START Source records

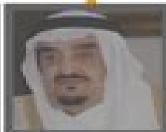
KING FAHD ruled 1982–2005
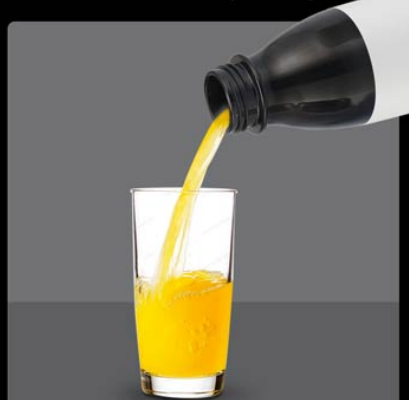
Small Cap To drink & Pour

304 Stainless Steel Bottle New Powder Coated Finish
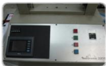
Figure 2: Testometric machine 220 D

and conventional brackets were tied with ligature wire. Oral cavity condition was simulated with un-stimulated saliva of the operator who had orthodontic appliance in his mouth. Saliva was applied with dropper to arch wire for each examination. The movable bracket was attached to the center of a brass bar with a cyanoacrylate and a 100 g weight was hung at a 10 mm distance from the center of bracket in order to represent equivalent single force acting on the resistance center of the tooth. The entire test was done using Testometric machine (220 D; Testometric co., unit 1, Lancashire, UK) with a cross head speed of 5 mm/min (Figure 2). The movable bracket was hung to the load cell throughout the test.

END Source records

### Exercise brief
Every line, from the one holding "Figure 2: Testometric machine 220 D" through the last line of the material above, should be transcribed exactly, and no line outside that range.

### Solution
Figure 2: Testometric machine 220 D

and conventional brackets were tied with ligature wire. Oral cavity condition was simulated with un-stimulated saliva of the operator who had orthodontic appliance in his mouth. Saliva was applied with dropper to arch wire for each examination. The movable bracket was attached to the center of a brass bar with a cyanoacrylate and a 100 g weight was hung at a 10 mm distance from the center of bracket in order to represent equivalent single force acting on the resistance center of the tooth. The entire test was done using Testometric machine (220 D; Testometric co., unit 1, Lancashire, UK) with a cross head speed of 5 mm/min (Figure 2). The movable bracket was hung to the load cell throughout the test.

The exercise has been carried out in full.